Sunday, September 1, 2019

Wounded Bait



    I’m here as well as I can be,
    Braced at foot and knee,
    Thrust-spear honed sharp
    Pointed toward the herd –
    No time to think of what
    Comes next, whether to be
    Or not in a pleasant place.

    After the wolves my leg
    Won’t work as of old –
    Can’t run to hunt –
    Can’t pivot to fight
    Enemies who come.
    I can stand here and wound
    The beast that runs me down.

    Good food it will be for those
    At camp and good to see
    By those who dash out at
    The right time.  The sun sees
    Me too, breathing all this 
    In as I should, and fine:
    Hunting here one last time.

Friday, July 5, 2019

July 4th 2019



    Dreaded independence: Susan
    Died this day four years ago --
    Now bombs declare their dominion
    Once again.  Duffy again throbs.
    Ben leans hard against my leg.
    Jessica anxiously watches me
    Creating competing sounds.

    Duffy paws my leg
    Wanting me to make it
    Stop – this explosive
    Ritual we endure again
    ‘Til the powders gone. 
    There is nothing for it but
    That and gathering here

    Waiting while the sounds die
    Down and Duffy’s trembling
    Stops.  Ben moves away
    And Jessica closes her
    Eyes, tired of the fear
    She felt.  I lean back
    In my chair at the end

    And with my own eyes closed
    See Susan lying downstairs
    On the hospice bed sighing
    The last of her life away in the
    Silence following the sound
    Of the bombs that died
    Away with her last breath.
   

Tuesday, July 2, 2019

The progress of poetry



    Is it linear progress:
    Kingdoms, democracies, a
    Global identity, reactionary
    Brexits not withstanding?
    Similarly is there progress
    From Elizabethans to
    Augustans on down to

    Our Rock-Star lyrics?
    I wondered if my task
    Was to move poetry in
    Another direction.
    Chomsky told us we
    Must enter anarchy
    And I saw that we had.

    Fatigued, appalled
    I might be.
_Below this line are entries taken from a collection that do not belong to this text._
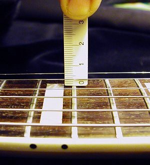 Per poter effettuare la regolazione della action (operazione che va eseguita con manico perfettamente a posto) occorre innanzitutto costruire un piccolo strumento di misura procurandosi un righello non trasparente e tagliarne una porzione come rappresentato nelle immagini. Procedere quindi alla regolazione come illustrato nella figura, agemdo sulle varie vitoìi del ponte, misurando l'altezza di ogni corda tra il bordo superiore del tasto e quello inferiore della corda stessa come rappresentato sotto.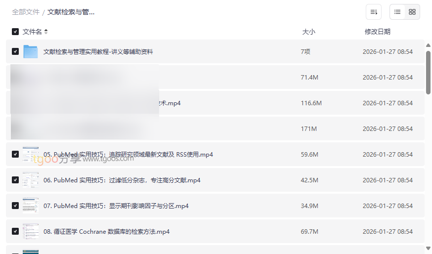 在学术研究的道路上,高效精准地获取并管理海量文献是每一位研究者、学生和专业人士必须掌握的核心技能。本套《文献检索与管理实用教程》资源,正是为此量身打造的系统性学习宝库。课程共包含 38节高清视频教程,并附有完整的PDF讲义与辅助资料,从检索基础理论到各大主流数据库的实战技巧,再到文献管理与分析,构建了一套从入门到精通的完整知识体系。本资源集合了 PubMed、Web of Science、Cochrane、CNKI、Google Scholar 等国内外核心平台的深度解析,将帮助您: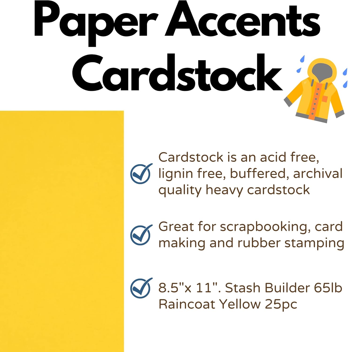 - Paper Accents stash pack cardstock in 8.5x11 in the color Yellow Raincoat. This cardstock paper is handy for scrapbooking, DIY greeting cards, decoupage projects, and paper crafting. Each 8.5οΏ½ x 11οΏ½ paper sheet is ideal background paper for scrapbook albums.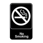 Make it known that smoking is not permitted, with this Vollrath 5613 Traex® no smoking sign. This 6" x 9" sign is printed with "No Smoking" in bright white font. Accompanying graphics reinforce there's no smoking permitted. The clear font and large graphics both offer a distinct contrast to the durable black plastic sign, ensuring visibility near or far.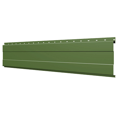 Линеарная потолочно-стеновая панель с ПОЛОСОЙ усиленная цвет RAL6002 Зеленый Лист применяется в качестве софитов для подшивы крыши, наружной и внутренней отделки потолков, стен, фронтонов фасада дома в Каменске-Уральском.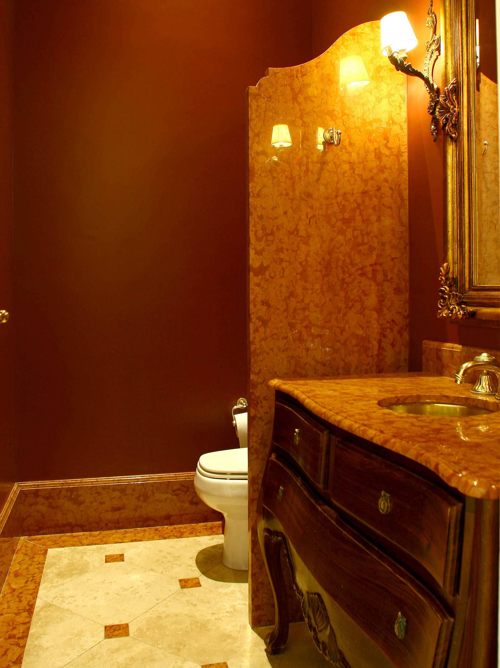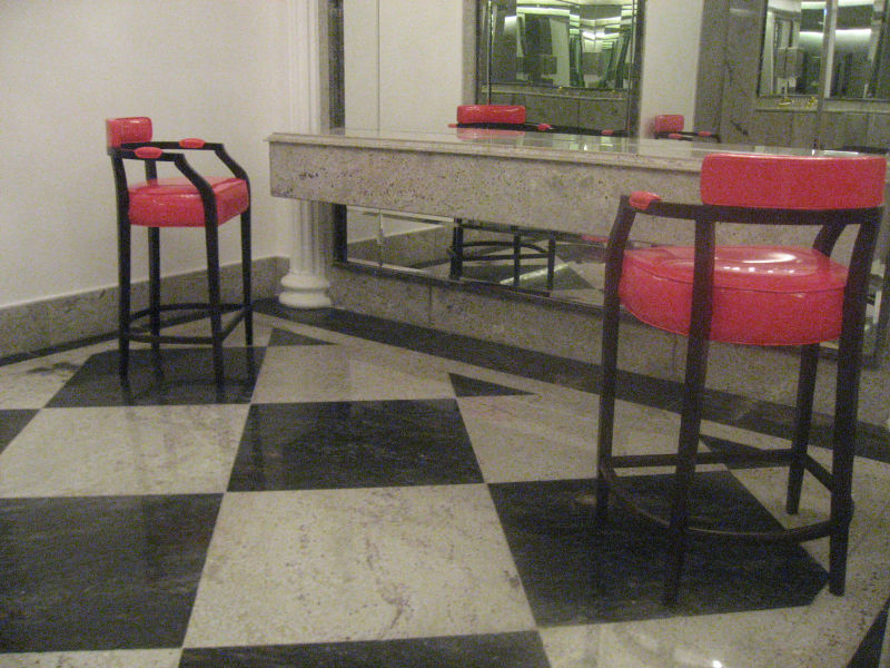 Piso em Travertino Romano Estucado e Levigado com cabouchon em mármore Rosso Verona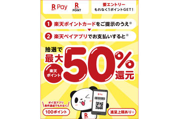 「楽天ペイ」「楽天ポイントカード」で最大50%ポイント還元、9月30日まで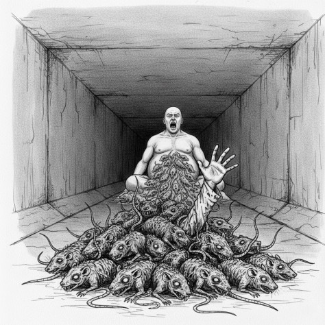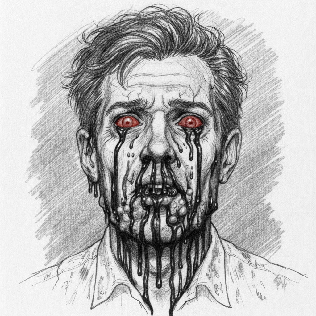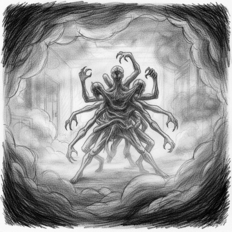 И тут он видит нечто ужасное. Коконы на потолке лопнули. Из них медленно спускаются массивные человекоподобные фигуры. Их глаза, затянутые пленкой, открываются и смотрят прямо на него.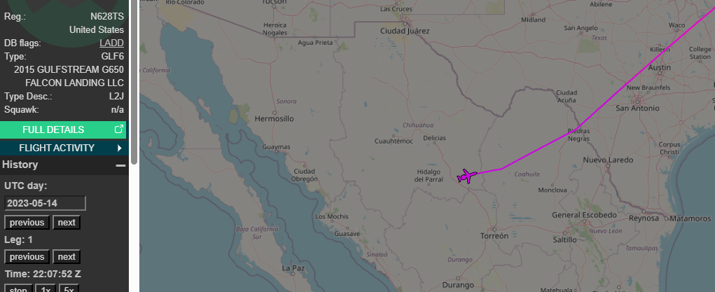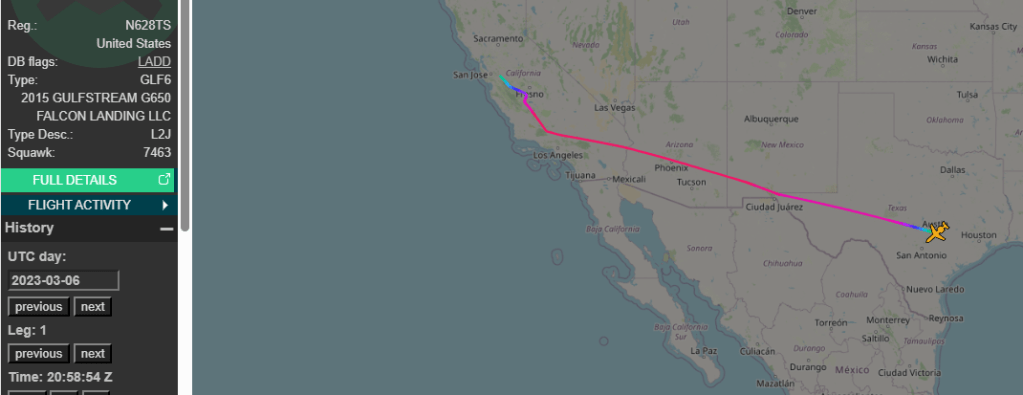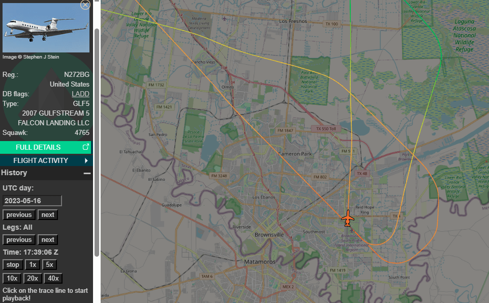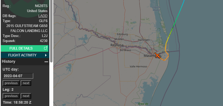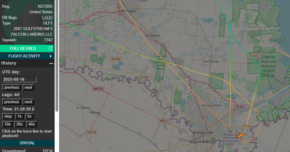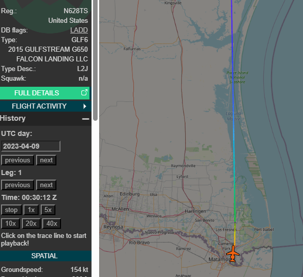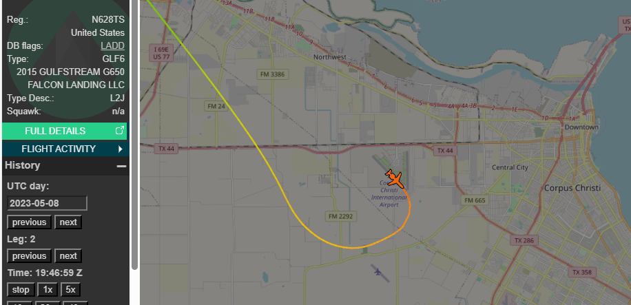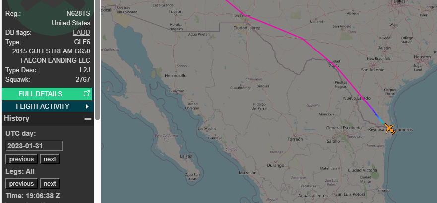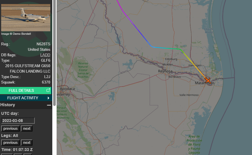3:20 PM (ET) – Elon’s Jet arrives Brownsville, TX ✈️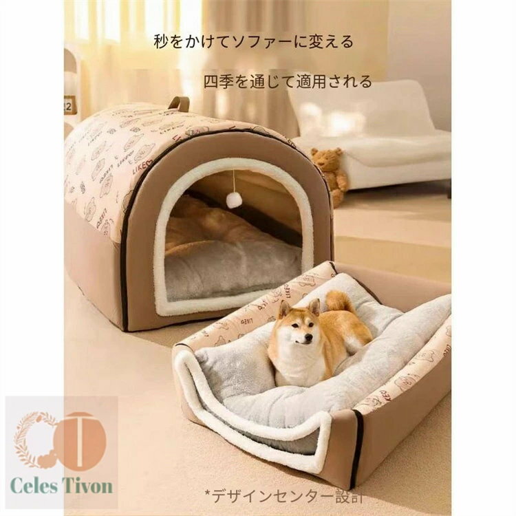 ※寸法は多少の誤差がある場合がございます。 表地:合成繊維+フランネル 中材:PP綿 裏面:オックスフォード布とすべり止め付け ドーム型の中にマットを置いてハウス型での使用と、天井を潰してその上にマットを置くベッド型の2通りの使い方ができます。ふわふわで柔らかい十分なあんしん感を感じられるペットハウスです。 ベッドの中はクッション性優れた3D立体pp綿で十分充填されておりますので、柔らかくてふわふわして、ペットに最高な寝心地を提供できる猫ペットベッド。ペットの冬用ベッドとして最適です。人間と同じ睡眠はペットにとっても重要なこと、高品質なペットベッドでより良い睡眠品質を提供致します。犬ベット 犬小屋 ペットハウス 冬用 大きい 保温防寒 室内用 ドーム型 猫ベッド 柔らか 暖かい 洗える 滑り止め 小・大型犬 おしゃれ 折り畳み可能 取り外して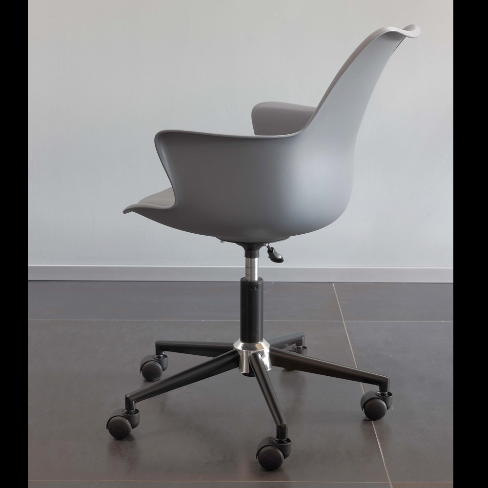 polypropyleen. Zachte en omhullende lijnen kenmerken de zitting van deze stoel, die comfort en gemak wil bieden. Dankzij de mogelijkheid om de hoogte aan te passen en de zwenkwielen is het mogelijk om hem aan te passen aan de verschillende behoeften van de persoon, zodat hij voor iedereen een comfortabele en functionele stoel wordt.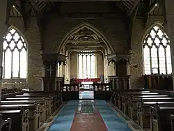 The 14th-century chancel has a four-light east window with original jambs, but a late-15th-century depressed four-centred head; on the north side of it a 13th-century capital (now mutilated) has been built in as a bracket. The north wall has two original three-light windows with intersecting tracery in a two-centred head; a late-15th-century three-light window with a depressed four-centred head; and a 13th-century locker with trefoiled head and stone shelf. The south wall has three windows similar to those on the north; a small late-15th-century doorway; a blocked original doorway, only visible inside; a blocked low-side window; a reset 13th-century double piscina having one whole and two half semicircular intersecting arches with interpenetrating mouldings, carried on a central shaft and two detached jamb-shafts with moulded capitals and bases. The 13th-century chancel arch is two-centred, of two chamfered orders, the lower order resting on triple attached corbel-shafts with moulded capitals and modern corbels. The roof is modern, but the moulded principals of 1626 remain. The weathering of the earlier roof remains above the chancel arch.

It thundered,
    Impervious to change.                       
    It seemed enough here
    Watching her fade year
    By year to find the means 
    To write a new Inferno.

   

J. Alfred Prufrock explications

J. Alfred Prufrock explications
    A common explication, an explication I would call banal, sees The Love Song of J. Alfred Prufrock as a character depiction of a man who lacks self-confidence, who dithers, and can’t make up his mind.  As the poem proceeds Prufrock sinks lower and lower until he like a crab with ragged claws is at the bottom where he hears mermaids singing, but not singing to him.  The voices he complained about earlier in the poem then wake him, get him caught up in their concerns, and he drowns.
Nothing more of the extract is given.